Hanging labels. A person with depression tends to stigmatize himself. Get rid of this habit. Failure in the last competition does not make you a “loser”. Being sick doesn’t make you an “irresponsible mother.” Just because you haven’t been able to figure something out in your new job yet, it doesn’t mean you’re “stupid”.
To cope with depression, you need to change the way of thinking that undermines you from the inside. The next time you take on labeling yourself, predicting all sorts of horrors, or reading other people’s minds, remind yourself that these are just perceptual distortions.
Tip #6: Save energy
Depression lowers performance. You get tired very quickly. Motivation and rational thinking suffer. Every action that a healthy person costs almost no effort is given to you with great difficulty. What you used to do in an hour can now take a whole day, or even two. How to survive this period with the least losses?
Try to leave only the most important things on your to-do list — the things that affect your or someone else’s life — and cross out the rest. Cancel meetings that deprive you of energy, give up unnecessary part-time work, ask loved ones to take care of household chores.
Break the remaining tasks into very small steps. Let “open mail”, “read a message from a client”, “clarify information”, “write a reply”, “send a letter” will be five different tasks. Praise yourself for every item you complete. Now any action for you is a real victory.
Try to make a clear and detailed plan in the evenings for the next day. Then in the morning you will not have to load your brain with unnecessary work: you just need to follow the instructions. In addition, planning itself calms the nervous system.
Tip Seven: Replenish your “bank account”
Imagine that your mental energy is a bank account. Then everything you do during the day can be divided into two categories: income and expenses.

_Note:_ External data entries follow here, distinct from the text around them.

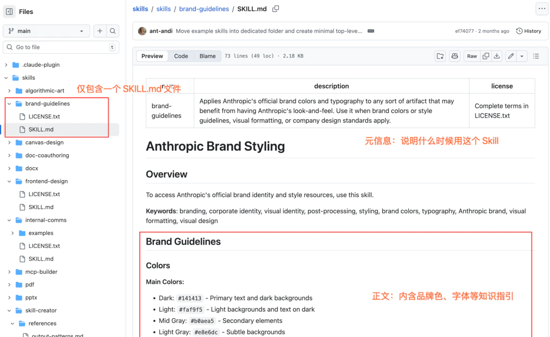 在 Skills 的设计中,每个技能都存放在一个独立的文件夹中,核心是一个名为 SKILL.md 的 Markdown 文件。
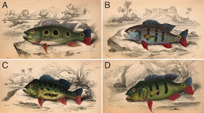 | Fig. 1. Drawings of Cichla from Guyana and neighboring regions in Venezuela and Brazil as published in Schomburgk (1843). Scientific names assigned by William Jardine are followed by "Schomburgk Drawing" number, locality as published, and current status in parentheses. A. Cychla argus, Valenciennes? (No. 47): Essequibo as well as Rios Branco and Negro (synonym of Cichla orinocensis Humboldt 1821). B. Cychla flavo-maculata (No. 45): Rio Negro and Padauiri (synonym of Cichla temensis Humboldt 1821). C. Cychla nigro-maculata (No. 46): having same habits and residing in the same situations with the last [C. flavo-maculata] (synonym of C. ocellaris Bloch and Schneider 1801). D. Cychla trifasciata (No. 59): Rio Negro and in the Padauiri (synonym of C. temensis Humboldt 1821). |
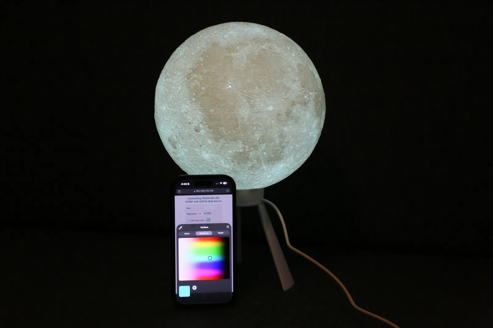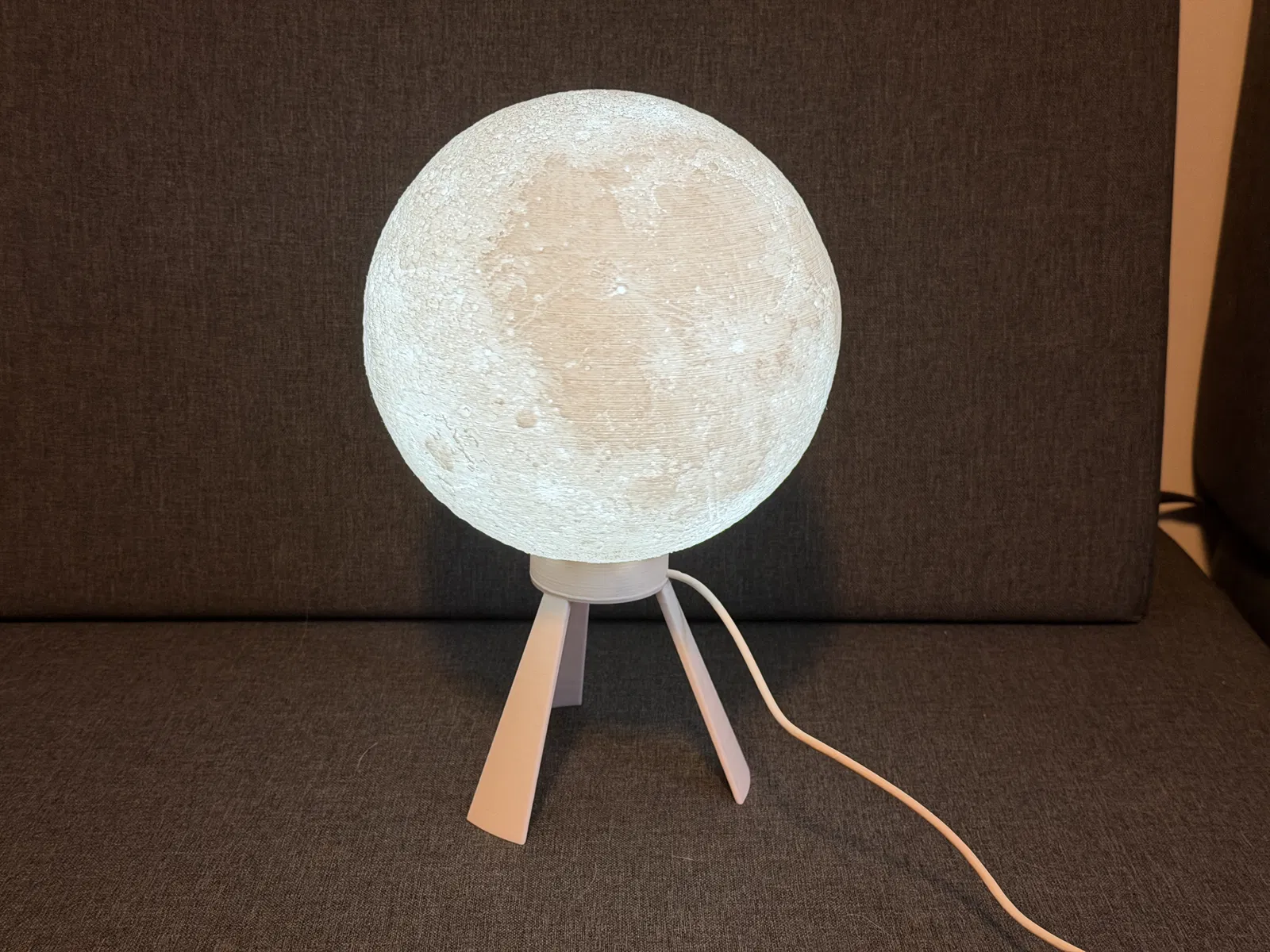 Bản remix nâng cấp Moon Lamp với stand gọn, ngàm gắn LED strip và holder cho ESP32 để làm đèn thông minh. Dễ lắp, đi dây sạch, hỗ trợ WiFi/app control và hiệu ứng. Có 2 phiên bản stand (một bản có lỗ cho công tắc).
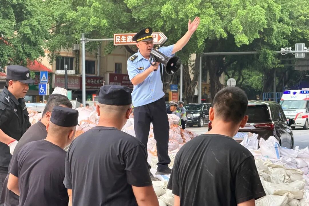 在砂石装运点,南宁市应急管理综合行政执法支队支队长梁朝正有条不紊地指挥救援队伍搬运沙包,“请大家注意,我们采取各方支援队伍轮番搬运的方式,每次搬运150—200个沙包,再轮换休整!”在他的带动下,各支队伍紧张有序,用身体筑成通道传递沙包,筑牢防汛的“铜墙铁壁” 。
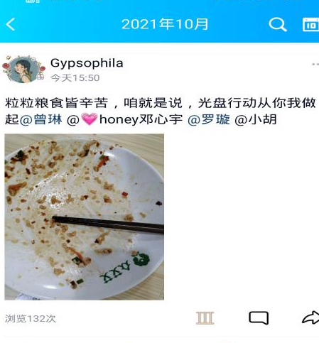 11日至30日,校权益部在勤思广场摆点发放食品安全知识宣传折页,并现场开展“食品安全我先行”签名活动。在校学生会官方qq线上宣传并开展“光盘接力”打卡活动,引导同学们在社交平台发布自己的“光盘”照并附上相关语句,宣传光盘理念,营造良好氛围。同学们踊跃参与,活动反馈好评如潮。

Expenses are, for example, morning preparations, work, household routine … Incomes are laughter, reading, food, movement, sleep. If you are overtaken by depression, you need not only to spend your resources more economically, but also to replenish your account more often. There are many ways to restore energy balance. Here are a few of them.
Physical activity. Exercise stimulates the production of serotonin, norepinephrine and endorphin, helps reduce anxiety levels, and has a positive effect on sleep quality. Of course, during depression it can be hard to even just get out of bed. But if you can still move, move. And it is not at all necessary to train for several hours in the fitness room, even a ten-minute walk to the store will be beneficial.
Warm bath. Helps to relieve stress a little, relaxes and improves mood at the end of a hard day.
Meditation. It alleviates the symptoms of depression, helps reduce anxiety, achieve a state of peace, harmony and concentration. True, for meditation to work, you need to do it every day. And one more thing: under certain conditions ( prepsychotic ), it can provoke deterioration.
Communication with those who recharge your battery. Usually during depression, we do not seek social contacts. However, we still need support. We offer this strategy: limit communication with people who seem to suck energy out of you, but leave around you those with whom you feel good and who can provide moral support (by the way, these are not always friends or relatives). Relief can also come from an online group where people share their ways of coping with depression.